Rules for a Discussion about Religion

2017-03-12

In this blog I present four simple guidelines (but which may not be simple to follow) which, in my opinion, must be respected if a discussion on a religious topic is to be productive.

Sommaire en français
Je présente quatre préceptes simples (mais dont la mise en application n’est pas nécessairement simple) qui, à mon avis, doivent être respectés pour qu’une discussion sur un sujet religieux puisse être fructueuse. Ces règles sont :

  • La critique des idéologies, y compris des religions, est nécessaire.
  • Il faut distinguer les croyances des croyants.
  • Il faut distinguer la religion de la race.
  • L’extrémisme religieux est une réalité.

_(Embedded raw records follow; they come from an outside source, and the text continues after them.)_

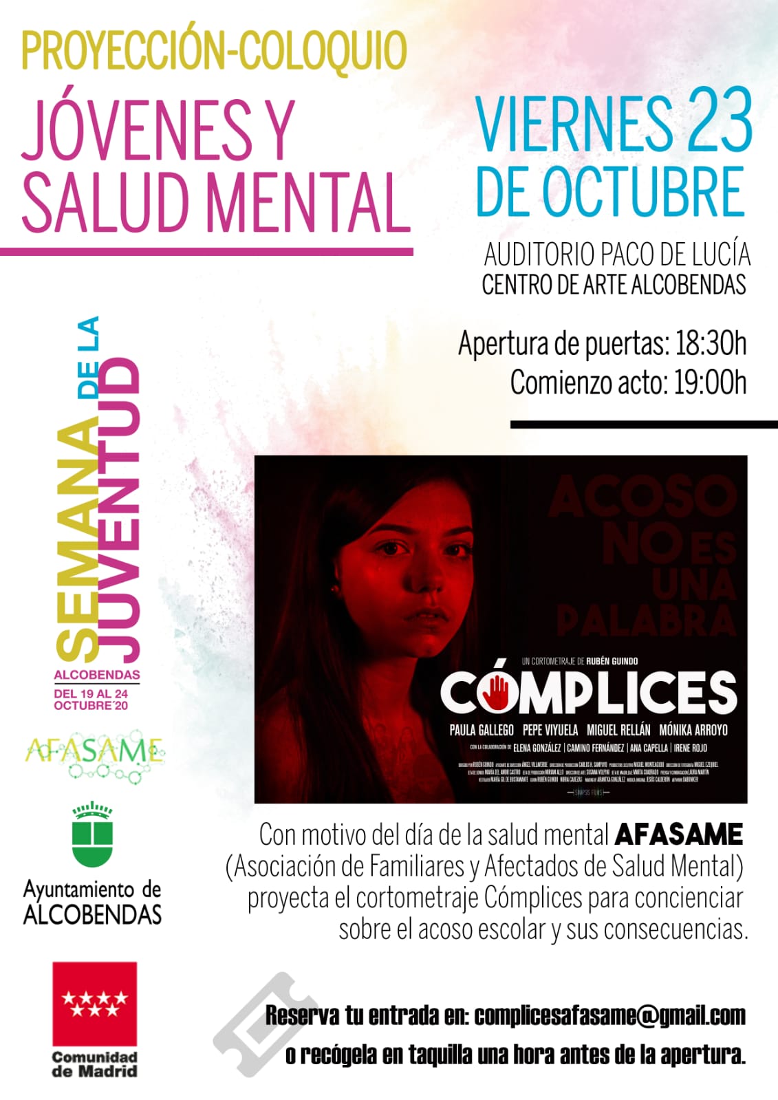 AFASAME, ASOCIACIÓN DE FAMILIARES Y AFECTADOS DE SALUD MENTAL Y CON MOTIVO DEL DÍA MUNDIAL DE LA SALUD MENTAL, PROYECTARÁ EL PRÓXIMO 23 DE OCTUBRE, EL CORTOMETRAJE "CÓMPLICES" PARA CONCIENCIAR SOBRE EL ACOS ESCOLAR Y SUS CONSECUENCIAS.
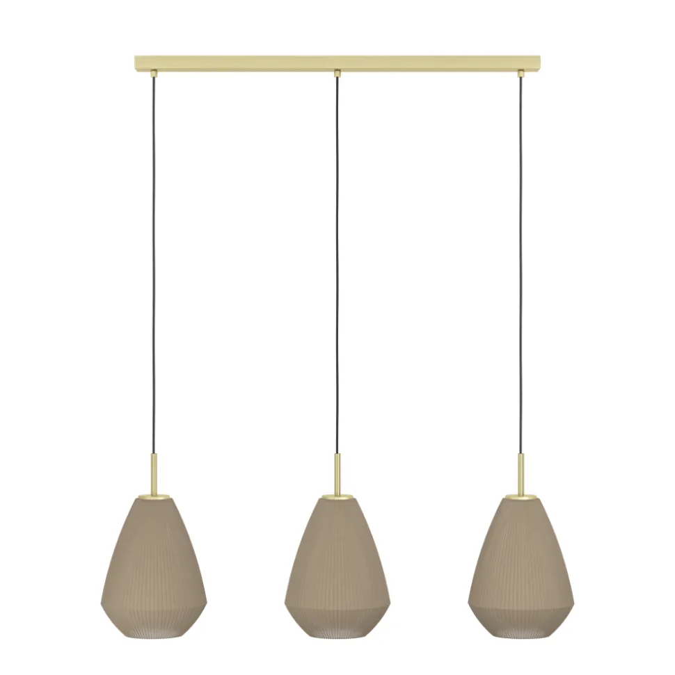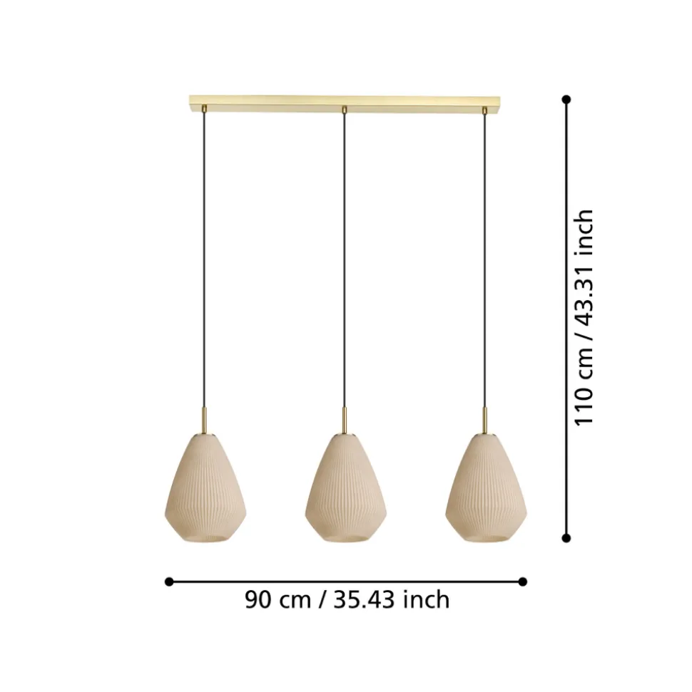 Deze CAPRAROLA hanglamp is gemaakt van een cirkelvormige basis in messing geborsteld staal met daaraan drie lampenkappen van zandkleurig gesatineerd glas. De lamp is 90cm lang, 20cm breed en heeft een maximale verstelbare hoogte van 110cm. Hij heeft drie E27 lichtbronnen nodig om je eetkamer sfeervol te verlichten.
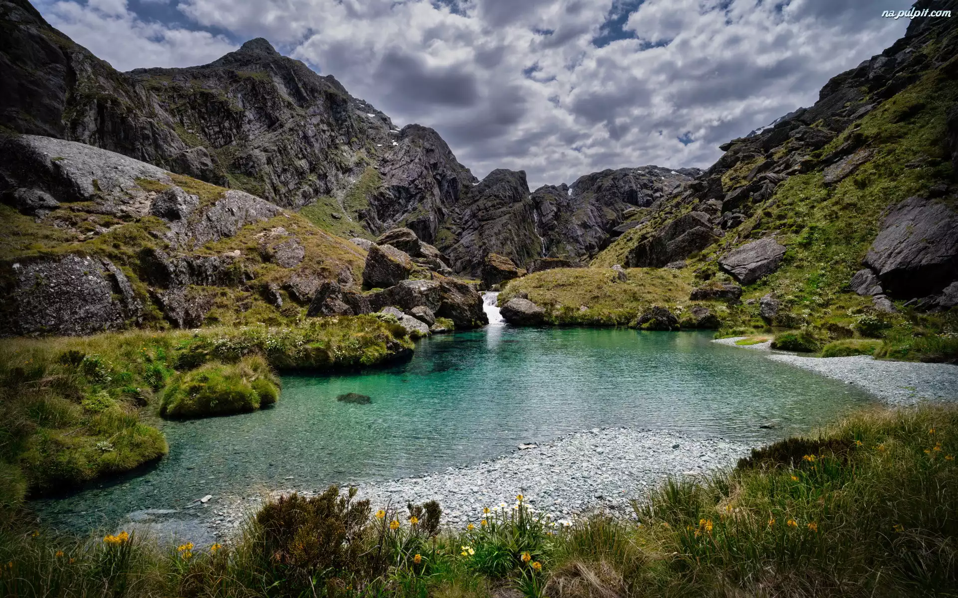 Chmury, Skały, Drzewa, Góry, Jezioro, Trawa, Kamienie
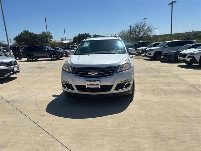 Gillman's Lifetime Engine Warranty lasts as long as you own your vehicle - free with the Gillman Pre-Owned Promise. If the vehicle isn't right for you, return it in purchase condition within 2 days or 200 miles as part of our Happy-Driving Guarantee. (Valid on vehicles under 90,000 miles and less than 7 years old). Discover value and versatility with this off white 2016 Chevrolet Traverse LT w/2LT. Enjoy a powerful 3.6L V6 engine paired with a smooth 6-speed shiftable automatic transmission and front-wheel drive for confident handling. Inside, you'll find comfort and connectivity with heated front seats, premium Bose surround sound, Chevrolet MyLink infotainment, Bluetooth, and a large 6.5-inch touchscreen display. The available navigation and rear entertainment system make every trip enjoyable for the whole family. Convenience features include remote engine start, rearview camera, rear parking sensors, and a power-operated rear liftgate. The spacious three-row interior offers flexible seating, rear air conditioning, and multiple USB and auxiliary inputs. Stylish aluminum alloy wheels, roof rack with cross rails, and chrome accents complete the package. Don't miss your chance to own a dependable SUV that's ready for everyday driving or your next road trip. All vehicles subject to prior sale. We are not responsible for typographical errors and may change information without notice. Photos may not depict the actual vehicle. Tax, title, and license fees not included. Dealer Discount available to all buyers.Vehicles purchased from Gillman Automotive Group include a Bring It Back Guarantee: return the vehicle in purchase condition within two days or 200 miles. New current-model-year vehicles and qualifying pre-owned vehicles (under 90,000 miles and less than 7 years old) are eligible. Guarantee is non-transferable and has no cash value. Lifetime Warranty available on select pre-owned vehicles. See dealer for details; restrictions may apply.
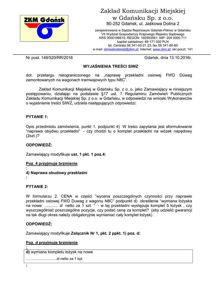 Zakład Komunikacji Miejskiej w Gdańsku Sp. z o.o. 80-252 Gdańsk, ul. Jaśkowa Dolina 2 zarejestrowana w Sądzie Rejonowym Gdańsk-Północ w Gdańsku VII Wydział Gospodarczy Krajowego Rejestru Sądowego KRS 0000186615; REGON: 192993561; NIP: 204 0000 711 kapitał zakładowy: 69 171 000 PLN tel. Centrala 58 341-00-21 23; fax 58 341-80-80 e-mail: [email protected]; internet: www.zkm.pl; skr.poczt. 141 Nr post. 148/520/RR/2016 Gdańsk, dnia 13.10.2016r. WYJAŚNIENIA TREŚCI SIWZ dot. przetargu nieograniczonego na „naprawę przekładni zamontowanych na wagonach tramwajowych typu N8C”. osiowej FWD Düwag Zakład Komunikacji Miejskiej w Gdańsku Sp. z o. o. jako Zamawiający w niniejszym postępowaniu, działając na podstawie §17 ust. 7 Regulaminu Zamówień Publicznych Zakładu Komunikacji Miejskiej Sp. z o.o. w Gdańsku, w odpowiedzi na wnioski Wykonawców o wyjaśnienie treści SIWZ, udziela następujących odpowiedzi: PYTANIE 1: Opis przedmiotu zamówienia, punkt 1. podpunkt 4) W treści zapytania jest sformułowanie “naprawa obydwu przekładni“ - czy chodzi tu o komplet przekładni na wózek napędowy (2szt.)? ODPOWIEDŹ: Zamawiający modyfikuje ust. 1 pkt. 1 poz.4: Poz. 4 przyjmuje brzmienie : 4) Naprawa obudowy przekładni : PYTANIE 2: W formularzu 2. CENA w części ”wycena poszczególnych czynności przy naprawie przekładni osiowej FWD Duwag z wagonu N8C“ podpunkt d) określenie “wymiana łożyska na nowe ............ zł netto za 1 szt. “ - w tej przekładni występuje komplet 5 łożysk , czy wyszczególniać poszczególne pozycje, czy podać cenę za komplet? (aby udzielić gwarancji na tak długi okres należy obligatoryjnie wymieniać cały komplet łożysk) . ODPOWIEDŹ: Zamawiający modyfikuje Załącznik Nr 1, pkt. 2 ppkt. 1) poz. d: Poz. d przyjmuje brzmienie : d) wymiana kompletu łożysk na nowe …….......................zł netto za 1 kpl. : PYTANIE 3: punkt 2) część dodatkowa podpunkty b) c) koło stożkowe stanowi integralna część walka atakującego , przez co podpunkty te powielają się w treści . Przy naprawie przekładni może wystąpić konieczność wymiany kola talerzowego, która nie została ujęta w specyfikacji. Czy nie przewidują Państwo wymiany kola talerzowego? ODPOWIEDŹ: Zamawiający modyfikuje Załącznik Nr 1, pkt. 2 ppkt. 2): Ppkt 2) przyjmuje brzmienie 2) Część dodatkowa a) likwidacja luzów …….......................zł netto za 1 szt. b) wymiana wałka atakującego wraz z kołem stozkowym …….......................zł netto za 1 szt. c) wymiana koła talerzowego …….......................zł netto za 1 szt. d) naprawa obudowy przekładni …….......................zł netto za 1 szt. Suma powyższych czynności (pozycja a+b+c+d) …….......................zł netto za 1 szt. PYTANIE 4: Warunki wykonania zamówienia punkt 2. podpunkt 4) czy przez 5 dniowy termin realizacji dostawy należy rozumieć 5 dniowy cykl na realizacje naprawy wraz z odbiorem i dostawą przekładni do ZKM Gdańsk ? ( Czy ZKM Gdańsk powierzy przekładnie do naprawy z wyprzedzeniem ze swojego magazynu i w ciągu rzeczonych 5 dni od zamówienia oczekiwać będzie na dostarczenie gotowej przekładni ?) ODPOWIEDŹ: Naprawa winna być wykonana w ciągu 5 dni roboczych od momentu odbioru przekładni do naprawy.
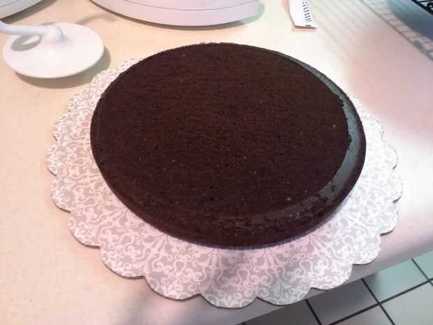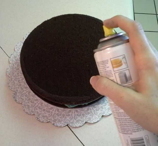 Una vez que sus tortas son completamente frío, una capa en un tablero de la torta o la bandeja de la porción del tirón. Extender una cucharada generosa de glaseado sobre la torta, luego cubra con la segunda capa de torta. En este punto usted puede ligeramente helada el pastel para crear una capa de migas, o rociar el pastel con un spray de miga (Wilton hace uno del aceite de coco) y guardar en la nevera. O miga, capa que mamones.
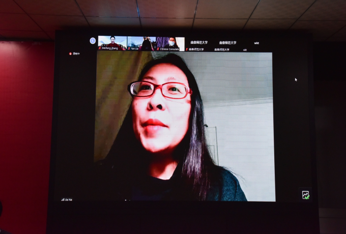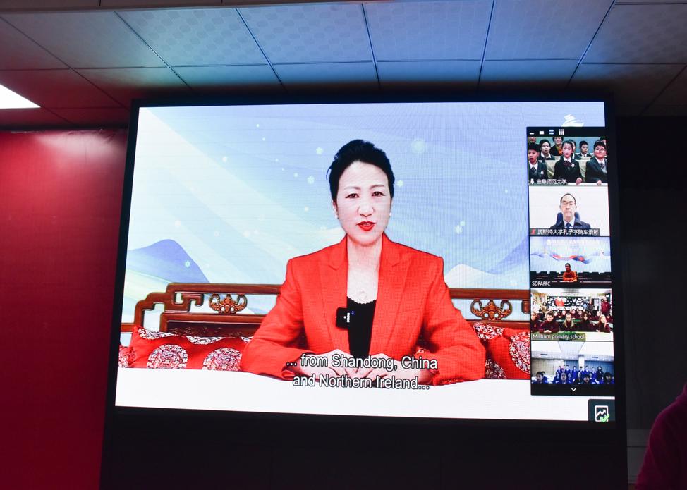中国驻贝尔法斯特总领馆总领事张美芳,山东省人民对外友好协会秘书处处长周卫,英国驻华大使馆北爱事务局中国区行政总监贾娜,HUANYING.COM党委常委、副校长屈跃宽分别致辞,表达对于两国三地青少年交流的美好期待,共同祝福北京冬奥会及中英两国友谊。
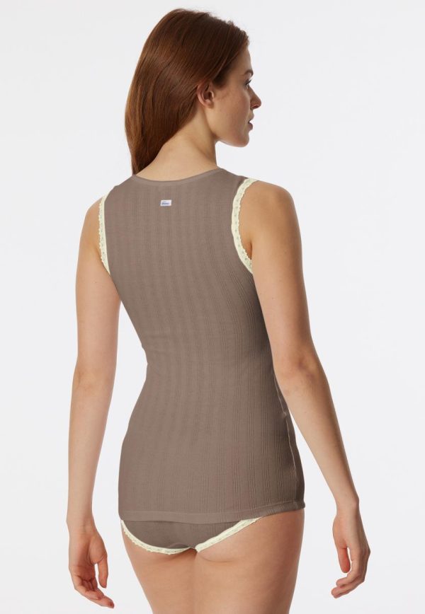 Die Liebliche! Die Revival Wäscheserie Agathe ist seit jeher unser femininer Klassiker. Charakteristisch für die Shirts, Chemisettes oder Pants sind die geblümte Bandspitze, echte Perlmuttknöpfe und der feingerippte Ajouré-Stoff. So hübsch, dass sich die Oberteile auch als Oberbekleidung gut machen. So geht eleganter Retro!

In order to have a productive discussion or debate on a subject concerning religion, the following guidelines must necessarily be respected by all parties to the discussion:

  1. Criticism of ideologies, including religions, is not only legitimate but imperatively necessary.
    Many religious beliefs and practices are incompatible with principles of human rights as set out in various charters and declarations. For example, the so-called “sacred” scriptures of Judaism, Christianity and Islam all contain misogynistic elements. All three religions have homophobic elements which deny rights—and sometimes even life—to some sexual minorities. In particular, mainstream Islam considers apostasy, i.e. leaving Islam, to be a crime for which the punishment may even be death, and many Muslim-majority countries apply this rule in their legislation. Thus, if one cares about human rights, then criticism of these aspects of religion is imperative.
  2. It is critically important that a distinction be drawn between beliefs and believers.
    To criticize the beliefs of a particular religion is not an attack on all believers associated with that religion.
    There are many variants of all major religions. Two different Christians may hold completely different views concerning, say, sexuality, or reproductive rights, or other issues of religious doctrine. Often we cannot know what a person’s motivation or thoughts are. For example, a niqab-wearing woman may be obligated by family or community to wear that flag of radical Islam; on the other hand, she may choose to wear it of her own free will; or the reality may be a combination of the two. To criticize the niqab does not imply that we are criticizing all women—or even most—who wear it, because the majority are forced to do so. (However, in some special cases, we do know; for example Zunera Ishaq is clearly an agent of radical Islam considering her extensive legal action to win the “right” to wear the niqab practically anywhere.)
    This distinction between beliefs and believers is especially important in the case of Islam, because of the ban on apostasy in Islam. It is very important to be prudent when using the label “Muslim” as there may be many ex-Muslims who continue to pretend to be believers because of fear of reprisals. Our respect for the right of apostasy—which is an essential part of freedom of conscience—requires that the label “Muslim” be used with caution.
  3. Religion has nothing to do with race and it is unacceptable to confuse the two.
    To confuse religion and race is a deliberate strategy of some radical religionists, because they use this confusion to make false accusations of racism against their critics, in an effort to silence them. We must not fall into their trap.
    For example, in the case of Jews and Judaism, the target of any criticism must be clear: i.e. is the criticism directed at the religion Judaism, or at the Jewish people? The former is not racist, but the latter may very well be racist. This is a major example of why rule (2) is so important.
  4. Extremism in the name of religion is a reality.
    There exist, within many religions, currents of practice or belief which are fundamentalist, sometimes radical, often highly politicized and even extremist. These currents are the most dangerous and deserve particular attention as targets of criticism. This is particularly true for Islam currently: radical, extremist, political Islam does exist and must be dealt with. It is particularly important to distinguish between believers who subscribe to these radical currents as opposed to those who do not.

If the parties to a debate or discussion do not recognize and agree to the above four principles, then there is little hope of a useful conversation. Furthermore, in my opinion, anyone who does not accept these principles must be considered incompetent in religious matters.